### EXERCISE
Go through the lines below. Copy those with "came".

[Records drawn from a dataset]
-.-.-

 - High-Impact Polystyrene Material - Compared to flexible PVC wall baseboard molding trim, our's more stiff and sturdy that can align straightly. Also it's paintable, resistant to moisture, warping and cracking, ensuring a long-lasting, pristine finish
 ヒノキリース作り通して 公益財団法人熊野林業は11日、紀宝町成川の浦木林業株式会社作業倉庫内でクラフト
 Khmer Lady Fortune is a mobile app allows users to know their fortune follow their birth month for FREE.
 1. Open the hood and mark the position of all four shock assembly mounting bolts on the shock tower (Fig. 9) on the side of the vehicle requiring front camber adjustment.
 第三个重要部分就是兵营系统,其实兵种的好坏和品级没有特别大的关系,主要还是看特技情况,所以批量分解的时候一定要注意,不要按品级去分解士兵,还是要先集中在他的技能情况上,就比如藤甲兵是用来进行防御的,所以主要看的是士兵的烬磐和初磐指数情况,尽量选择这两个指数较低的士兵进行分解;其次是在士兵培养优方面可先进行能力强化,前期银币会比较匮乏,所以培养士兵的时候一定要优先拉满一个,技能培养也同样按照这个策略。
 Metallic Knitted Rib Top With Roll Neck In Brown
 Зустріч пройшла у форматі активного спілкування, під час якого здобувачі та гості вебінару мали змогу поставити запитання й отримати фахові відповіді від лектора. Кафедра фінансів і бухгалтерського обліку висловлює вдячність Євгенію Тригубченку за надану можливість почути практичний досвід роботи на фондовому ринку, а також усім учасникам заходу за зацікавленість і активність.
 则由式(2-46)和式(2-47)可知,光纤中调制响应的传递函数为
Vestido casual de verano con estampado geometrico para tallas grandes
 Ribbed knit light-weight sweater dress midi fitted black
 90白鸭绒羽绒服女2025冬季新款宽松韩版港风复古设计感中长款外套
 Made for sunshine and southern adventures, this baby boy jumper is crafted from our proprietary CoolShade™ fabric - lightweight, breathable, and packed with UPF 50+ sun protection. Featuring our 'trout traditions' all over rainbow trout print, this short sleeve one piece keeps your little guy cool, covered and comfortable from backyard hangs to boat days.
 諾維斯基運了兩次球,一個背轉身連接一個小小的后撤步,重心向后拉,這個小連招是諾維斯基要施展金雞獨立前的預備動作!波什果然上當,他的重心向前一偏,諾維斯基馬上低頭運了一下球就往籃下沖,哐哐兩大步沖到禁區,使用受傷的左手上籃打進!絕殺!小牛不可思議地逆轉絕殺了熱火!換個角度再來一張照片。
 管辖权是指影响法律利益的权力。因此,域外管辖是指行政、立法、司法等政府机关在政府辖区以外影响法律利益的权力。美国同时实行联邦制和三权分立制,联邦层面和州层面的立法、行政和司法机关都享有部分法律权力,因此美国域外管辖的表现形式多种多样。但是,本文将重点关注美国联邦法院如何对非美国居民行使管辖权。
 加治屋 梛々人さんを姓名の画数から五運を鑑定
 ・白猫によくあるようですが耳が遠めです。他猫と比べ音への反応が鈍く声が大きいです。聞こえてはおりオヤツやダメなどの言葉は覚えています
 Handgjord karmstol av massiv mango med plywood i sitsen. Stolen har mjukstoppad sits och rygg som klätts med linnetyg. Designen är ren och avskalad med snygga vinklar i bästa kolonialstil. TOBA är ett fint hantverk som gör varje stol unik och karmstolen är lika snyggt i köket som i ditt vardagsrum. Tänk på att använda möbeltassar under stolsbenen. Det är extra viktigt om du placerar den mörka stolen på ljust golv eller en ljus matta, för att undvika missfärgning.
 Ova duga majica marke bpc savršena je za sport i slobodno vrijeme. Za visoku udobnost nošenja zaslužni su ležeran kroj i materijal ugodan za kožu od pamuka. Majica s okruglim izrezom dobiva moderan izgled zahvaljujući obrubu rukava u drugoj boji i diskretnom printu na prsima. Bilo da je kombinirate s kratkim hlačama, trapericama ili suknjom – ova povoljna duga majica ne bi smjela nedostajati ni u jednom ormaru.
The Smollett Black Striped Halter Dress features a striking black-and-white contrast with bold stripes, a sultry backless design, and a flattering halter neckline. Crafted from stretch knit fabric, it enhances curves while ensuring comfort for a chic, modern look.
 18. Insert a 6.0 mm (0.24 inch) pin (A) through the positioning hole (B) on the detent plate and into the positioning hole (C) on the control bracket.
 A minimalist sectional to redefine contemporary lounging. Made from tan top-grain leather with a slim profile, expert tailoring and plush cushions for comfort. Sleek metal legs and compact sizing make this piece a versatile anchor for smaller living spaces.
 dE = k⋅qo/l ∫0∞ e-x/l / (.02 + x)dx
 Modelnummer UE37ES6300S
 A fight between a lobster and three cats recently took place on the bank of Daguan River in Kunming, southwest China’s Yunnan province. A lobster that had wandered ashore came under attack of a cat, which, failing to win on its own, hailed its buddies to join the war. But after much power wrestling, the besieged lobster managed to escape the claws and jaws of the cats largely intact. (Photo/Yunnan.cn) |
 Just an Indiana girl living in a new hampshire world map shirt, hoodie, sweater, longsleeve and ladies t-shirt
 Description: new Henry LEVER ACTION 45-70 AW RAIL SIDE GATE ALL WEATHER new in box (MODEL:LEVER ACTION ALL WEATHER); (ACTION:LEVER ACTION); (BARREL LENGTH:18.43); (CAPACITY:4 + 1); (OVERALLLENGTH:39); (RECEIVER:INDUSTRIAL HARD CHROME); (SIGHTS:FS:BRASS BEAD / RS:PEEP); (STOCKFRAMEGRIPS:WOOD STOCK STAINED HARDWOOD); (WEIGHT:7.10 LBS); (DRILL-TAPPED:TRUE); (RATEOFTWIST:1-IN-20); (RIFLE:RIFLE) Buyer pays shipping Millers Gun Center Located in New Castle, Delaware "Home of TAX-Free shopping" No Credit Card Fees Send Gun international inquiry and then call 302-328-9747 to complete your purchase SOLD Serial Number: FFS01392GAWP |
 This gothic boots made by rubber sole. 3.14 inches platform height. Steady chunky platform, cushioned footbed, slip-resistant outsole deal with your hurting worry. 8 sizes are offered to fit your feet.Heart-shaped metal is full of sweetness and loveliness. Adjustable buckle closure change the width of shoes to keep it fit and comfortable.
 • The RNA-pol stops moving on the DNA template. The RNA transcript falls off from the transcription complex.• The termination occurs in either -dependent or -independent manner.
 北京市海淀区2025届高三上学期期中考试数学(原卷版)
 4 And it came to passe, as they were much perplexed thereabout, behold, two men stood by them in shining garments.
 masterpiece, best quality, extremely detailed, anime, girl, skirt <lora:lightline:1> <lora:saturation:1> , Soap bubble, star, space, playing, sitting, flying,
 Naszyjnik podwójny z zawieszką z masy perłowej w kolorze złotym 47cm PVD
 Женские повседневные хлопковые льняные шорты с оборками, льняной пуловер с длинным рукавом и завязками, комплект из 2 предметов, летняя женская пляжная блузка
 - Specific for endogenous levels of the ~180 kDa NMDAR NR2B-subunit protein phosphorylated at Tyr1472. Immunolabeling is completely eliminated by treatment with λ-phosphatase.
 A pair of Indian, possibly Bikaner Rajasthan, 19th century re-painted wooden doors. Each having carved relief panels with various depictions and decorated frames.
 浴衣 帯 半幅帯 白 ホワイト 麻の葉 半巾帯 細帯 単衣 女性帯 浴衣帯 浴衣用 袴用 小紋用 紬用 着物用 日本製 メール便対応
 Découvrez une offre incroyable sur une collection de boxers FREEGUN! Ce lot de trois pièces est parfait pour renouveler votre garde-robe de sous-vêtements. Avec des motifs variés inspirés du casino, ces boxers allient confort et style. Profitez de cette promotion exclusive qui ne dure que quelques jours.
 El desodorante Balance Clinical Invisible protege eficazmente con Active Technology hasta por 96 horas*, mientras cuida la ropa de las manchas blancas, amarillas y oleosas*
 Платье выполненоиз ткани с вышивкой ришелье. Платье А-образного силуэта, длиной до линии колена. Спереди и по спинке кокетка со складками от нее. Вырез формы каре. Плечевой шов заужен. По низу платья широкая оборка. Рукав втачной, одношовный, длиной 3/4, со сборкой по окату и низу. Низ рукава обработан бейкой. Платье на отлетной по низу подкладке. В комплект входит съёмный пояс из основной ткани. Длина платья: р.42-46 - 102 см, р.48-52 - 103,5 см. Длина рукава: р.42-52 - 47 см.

-.-.-

### EXERCISE RESPONSE
 A fight between a lobster and three cats recently took place on the bank of Daguan River in Kunming, southwest China’s Yunnan province. A lobster that had wandered ashore came under attack of a cat, which, failing to win on its own, hailed its buddies to join the war. But after much power wrestling, the besieged lobster managed to escape the claws and jaws of the cats largely intact. (Photo/Yunnan.cn) |
 4 And it came to passe, as they were much perplexed thereabout, behold, two men stood by them in shining garments.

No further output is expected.